__WHAT TO PRODUCE__.
Which lines run from the start of the material below through the line containing "Combining the kitchen, dining"? Retype them exactly, pictures excluded.
^^^^
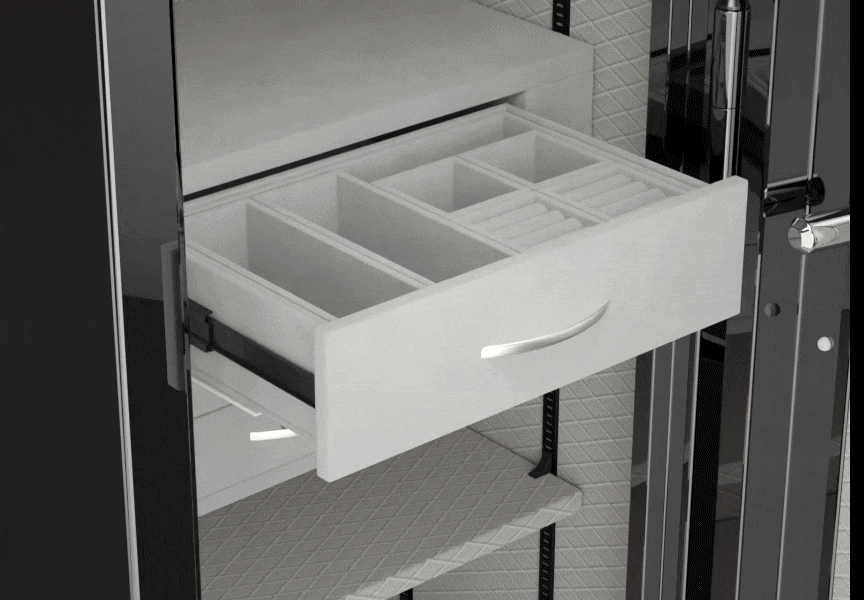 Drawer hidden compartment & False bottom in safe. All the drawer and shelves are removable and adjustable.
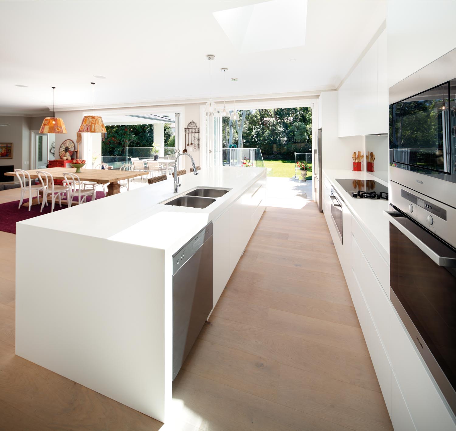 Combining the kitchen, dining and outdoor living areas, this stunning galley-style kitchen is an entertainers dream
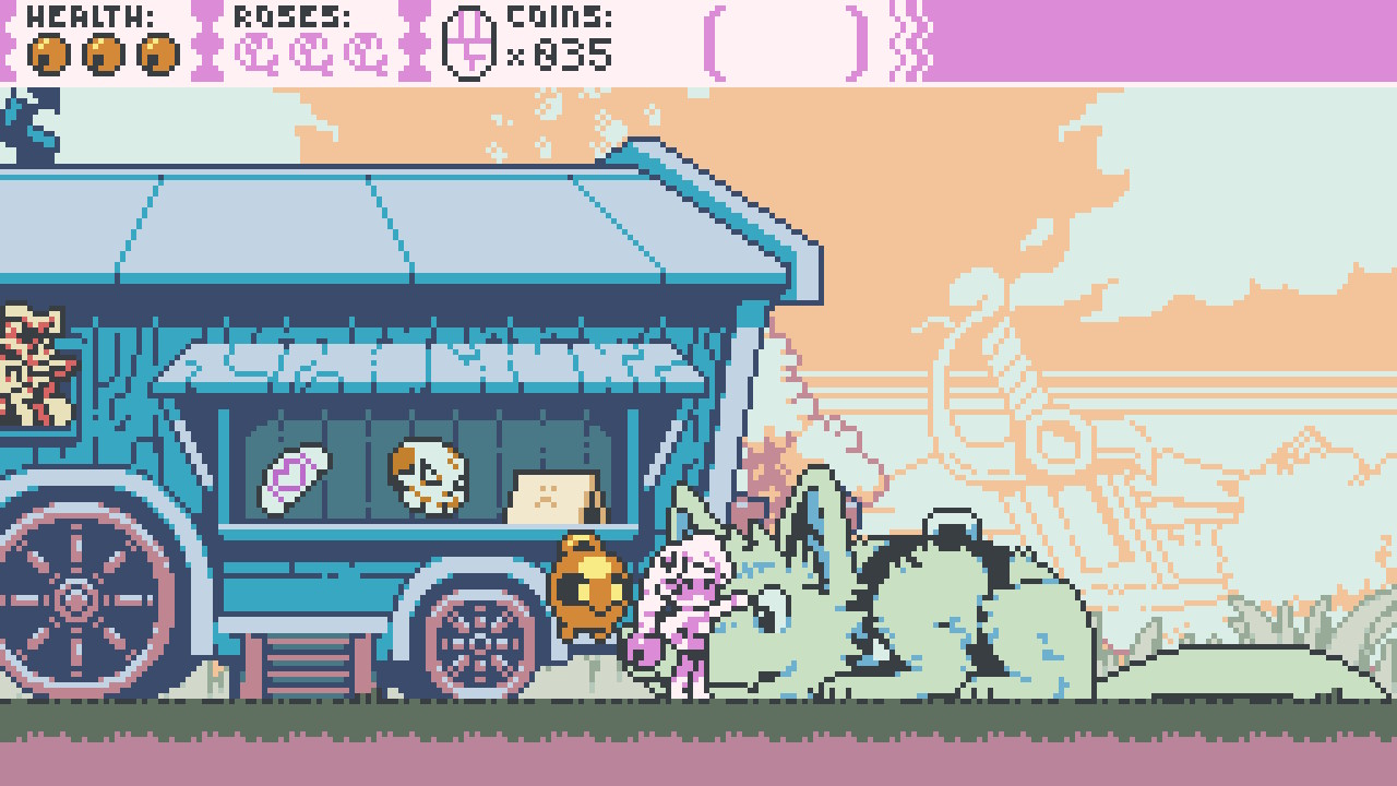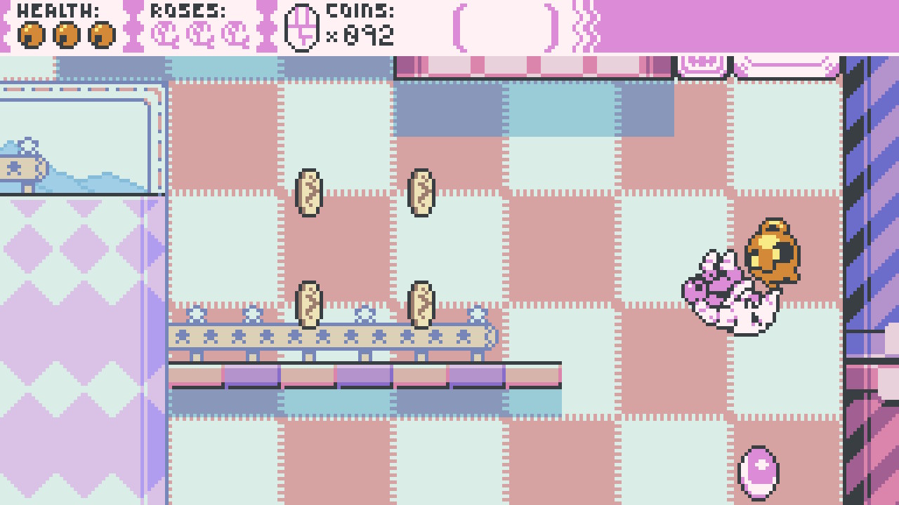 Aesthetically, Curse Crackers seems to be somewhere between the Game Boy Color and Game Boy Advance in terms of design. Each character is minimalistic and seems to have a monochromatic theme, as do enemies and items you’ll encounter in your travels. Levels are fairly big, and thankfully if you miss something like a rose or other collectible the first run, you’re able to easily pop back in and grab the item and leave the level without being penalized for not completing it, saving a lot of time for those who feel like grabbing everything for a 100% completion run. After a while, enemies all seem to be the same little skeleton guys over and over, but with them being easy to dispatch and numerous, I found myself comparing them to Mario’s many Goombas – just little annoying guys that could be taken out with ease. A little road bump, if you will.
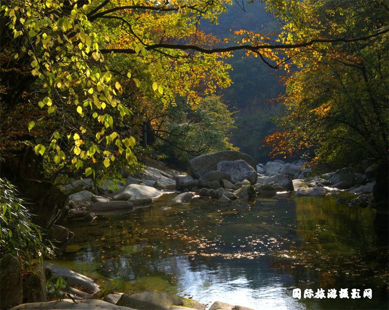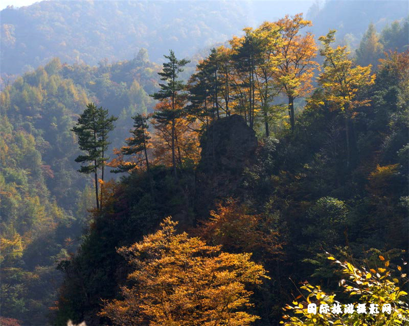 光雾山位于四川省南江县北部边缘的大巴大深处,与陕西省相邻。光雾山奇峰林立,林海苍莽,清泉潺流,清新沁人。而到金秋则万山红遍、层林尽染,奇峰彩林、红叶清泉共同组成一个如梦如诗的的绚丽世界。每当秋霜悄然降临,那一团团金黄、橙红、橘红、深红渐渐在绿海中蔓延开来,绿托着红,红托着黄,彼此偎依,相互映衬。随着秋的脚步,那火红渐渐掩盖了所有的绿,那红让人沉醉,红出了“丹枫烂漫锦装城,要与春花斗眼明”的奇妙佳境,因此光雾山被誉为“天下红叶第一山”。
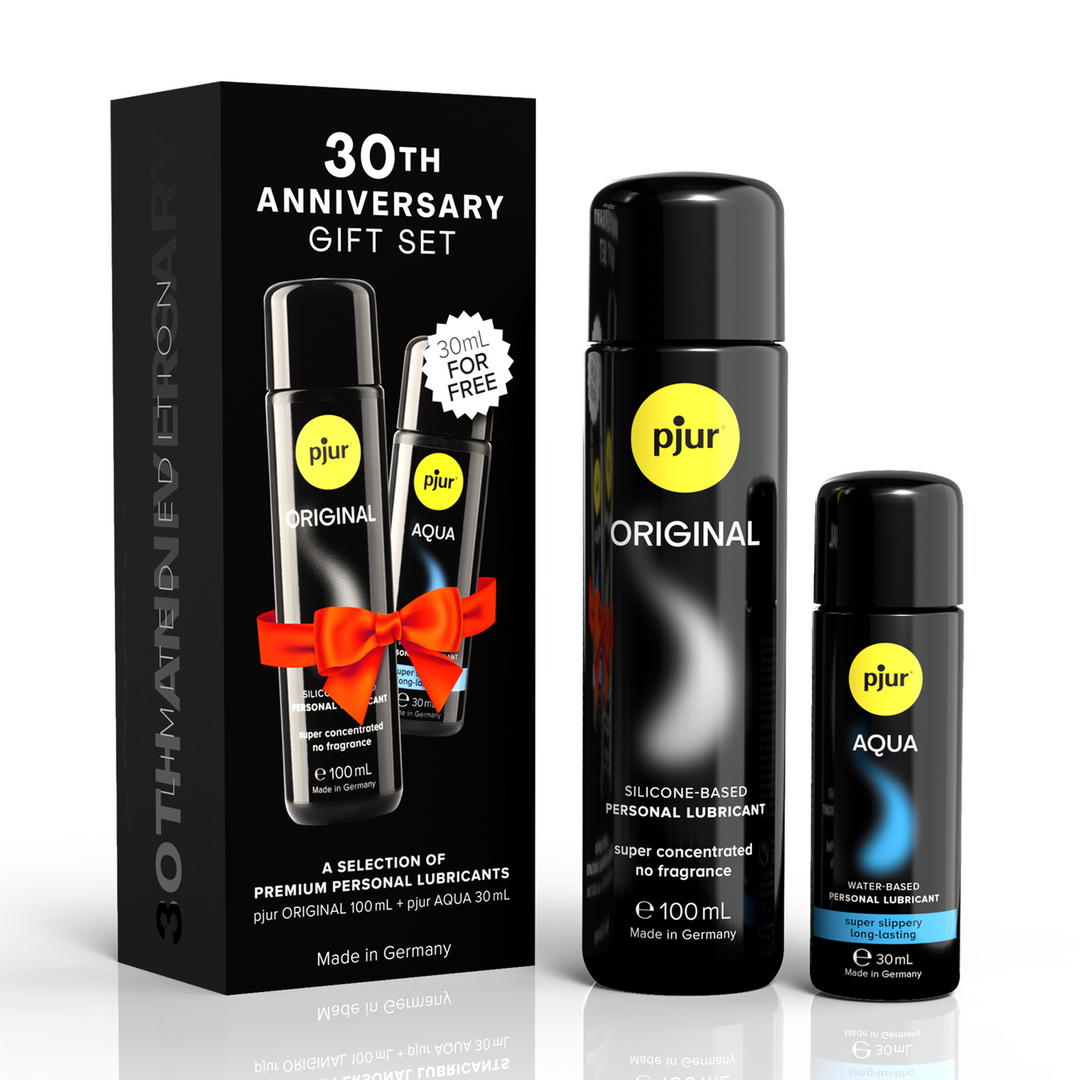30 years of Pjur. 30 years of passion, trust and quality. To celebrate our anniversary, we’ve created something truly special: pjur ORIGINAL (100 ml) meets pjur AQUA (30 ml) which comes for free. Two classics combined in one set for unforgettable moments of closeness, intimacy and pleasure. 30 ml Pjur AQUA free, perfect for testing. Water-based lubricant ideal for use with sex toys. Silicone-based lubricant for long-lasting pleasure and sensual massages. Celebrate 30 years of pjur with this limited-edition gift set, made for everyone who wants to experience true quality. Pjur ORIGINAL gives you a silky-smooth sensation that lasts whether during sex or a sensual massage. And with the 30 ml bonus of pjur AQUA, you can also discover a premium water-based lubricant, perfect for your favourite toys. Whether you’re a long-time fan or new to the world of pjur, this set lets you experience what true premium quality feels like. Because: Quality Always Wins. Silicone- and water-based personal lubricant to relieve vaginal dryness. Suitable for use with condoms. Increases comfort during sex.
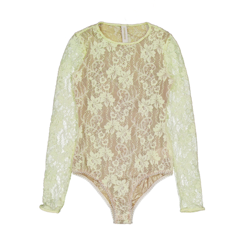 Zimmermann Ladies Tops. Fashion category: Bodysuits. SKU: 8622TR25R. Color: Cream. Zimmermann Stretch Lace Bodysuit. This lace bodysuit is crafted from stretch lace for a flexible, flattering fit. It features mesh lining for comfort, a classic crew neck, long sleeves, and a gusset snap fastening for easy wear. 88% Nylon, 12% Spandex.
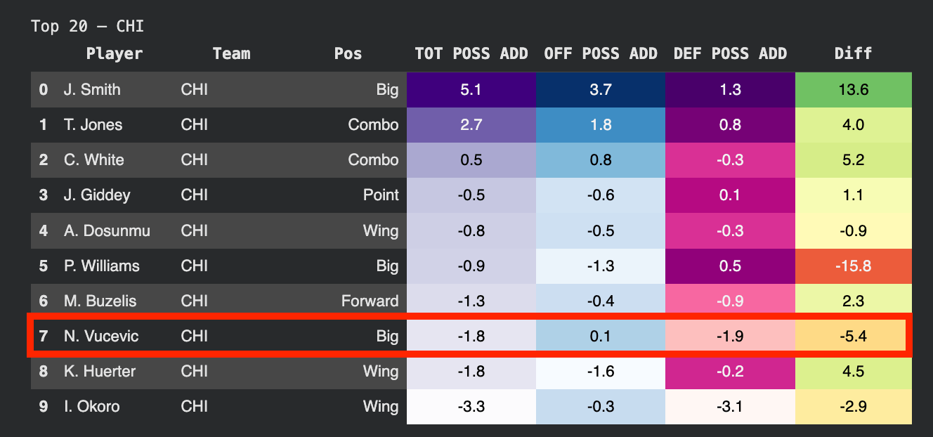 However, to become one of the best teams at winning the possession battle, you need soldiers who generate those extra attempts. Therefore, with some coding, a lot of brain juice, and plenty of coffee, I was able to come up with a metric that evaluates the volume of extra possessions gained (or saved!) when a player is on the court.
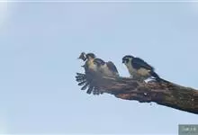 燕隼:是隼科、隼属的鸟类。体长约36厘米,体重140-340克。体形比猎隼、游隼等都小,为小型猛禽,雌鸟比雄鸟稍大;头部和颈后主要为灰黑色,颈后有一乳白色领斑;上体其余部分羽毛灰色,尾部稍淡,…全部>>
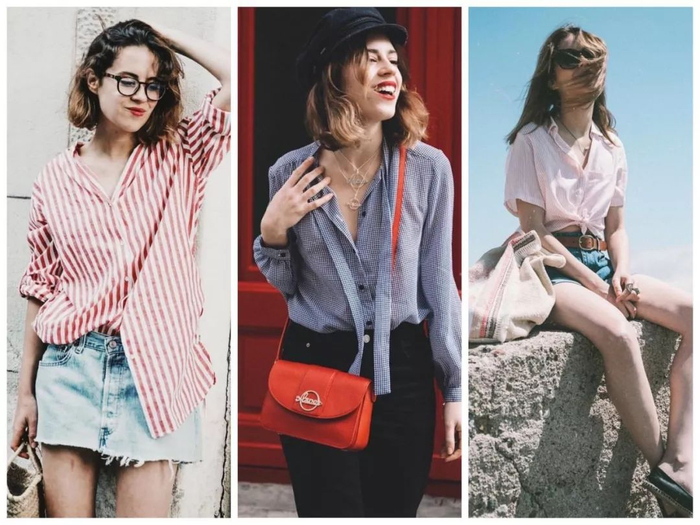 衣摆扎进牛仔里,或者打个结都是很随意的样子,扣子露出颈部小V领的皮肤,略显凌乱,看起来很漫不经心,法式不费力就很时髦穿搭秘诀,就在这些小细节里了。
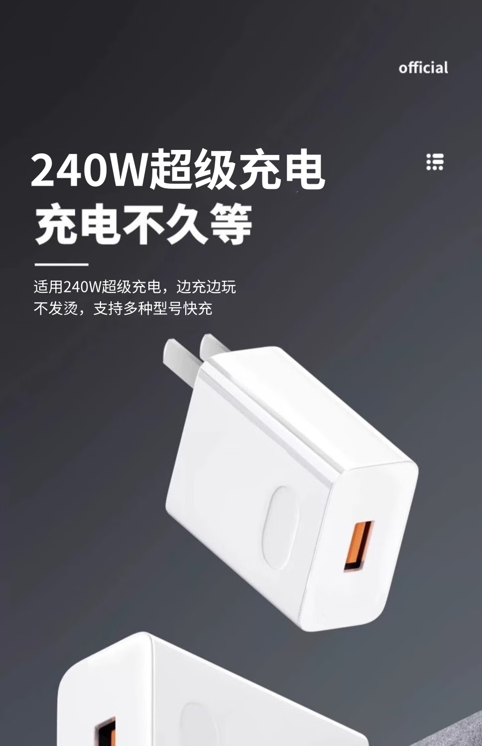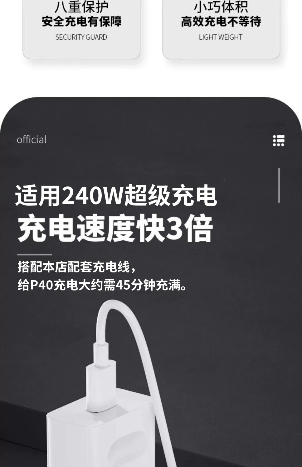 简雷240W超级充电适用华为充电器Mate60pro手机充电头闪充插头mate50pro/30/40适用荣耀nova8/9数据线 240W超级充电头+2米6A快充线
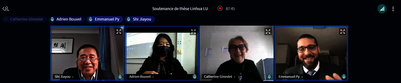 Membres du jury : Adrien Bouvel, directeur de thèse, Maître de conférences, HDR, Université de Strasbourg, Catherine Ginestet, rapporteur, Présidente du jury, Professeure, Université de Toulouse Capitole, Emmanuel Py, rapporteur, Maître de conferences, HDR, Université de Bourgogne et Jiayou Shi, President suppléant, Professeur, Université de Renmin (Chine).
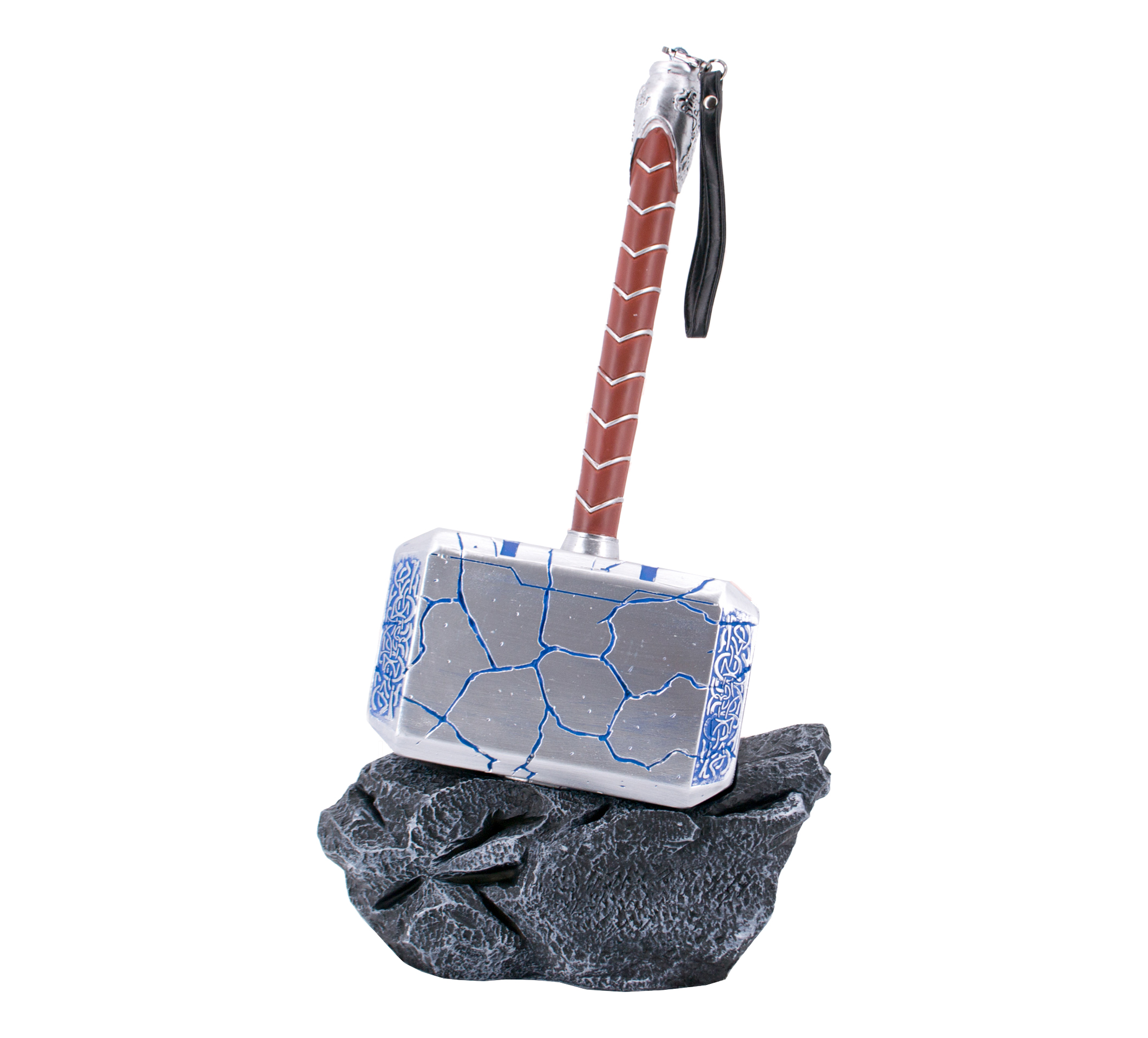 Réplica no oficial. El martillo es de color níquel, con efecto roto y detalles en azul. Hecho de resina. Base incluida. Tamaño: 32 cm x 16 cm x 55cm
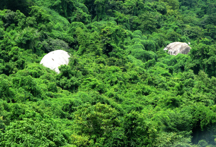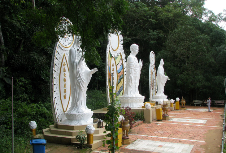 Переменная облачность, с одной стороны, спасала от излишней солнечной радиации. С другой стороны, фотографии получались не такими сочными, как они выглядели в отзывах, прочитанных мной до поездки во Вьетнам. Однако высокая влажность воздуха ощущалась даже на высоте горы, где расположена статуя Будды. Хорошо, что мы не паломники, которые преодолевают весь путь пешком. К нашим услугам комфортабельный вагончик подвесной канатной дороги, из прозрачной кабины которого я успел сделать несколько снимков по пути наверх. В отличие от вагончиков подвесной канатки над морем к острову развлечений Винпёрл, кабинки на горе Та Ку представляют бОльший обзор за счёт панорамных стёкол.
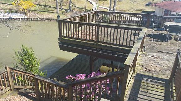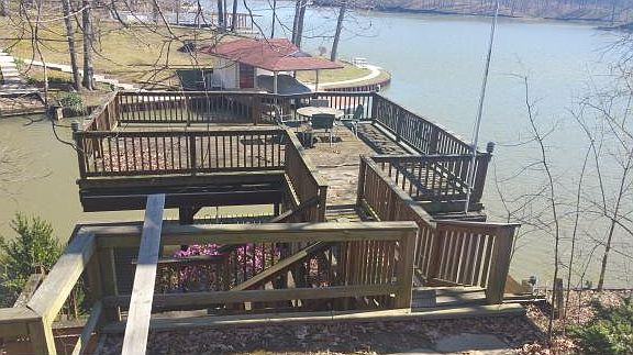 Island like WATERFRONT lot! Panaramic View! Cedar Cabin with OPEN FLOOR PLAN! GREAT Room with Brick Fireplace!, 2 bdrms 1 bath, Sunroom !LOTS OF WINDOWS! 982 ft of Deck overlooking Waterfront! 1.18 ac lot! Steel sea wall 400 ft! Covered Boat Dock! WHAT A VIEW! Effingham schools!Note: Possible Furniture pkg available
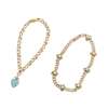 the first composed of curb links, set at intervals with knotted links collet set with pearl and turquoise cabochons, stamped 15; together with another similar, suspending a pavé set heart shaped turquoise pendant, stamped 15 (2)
^^^^
__EXERCISE OUTPUT__.
 Drawer hidden compartment & False bottom in safe. All the drawer and shelves are removable and adjustable.
 Combining the kitchen, dining and outdoor living areas, this stunning galley-style kitchen is an entertainers dream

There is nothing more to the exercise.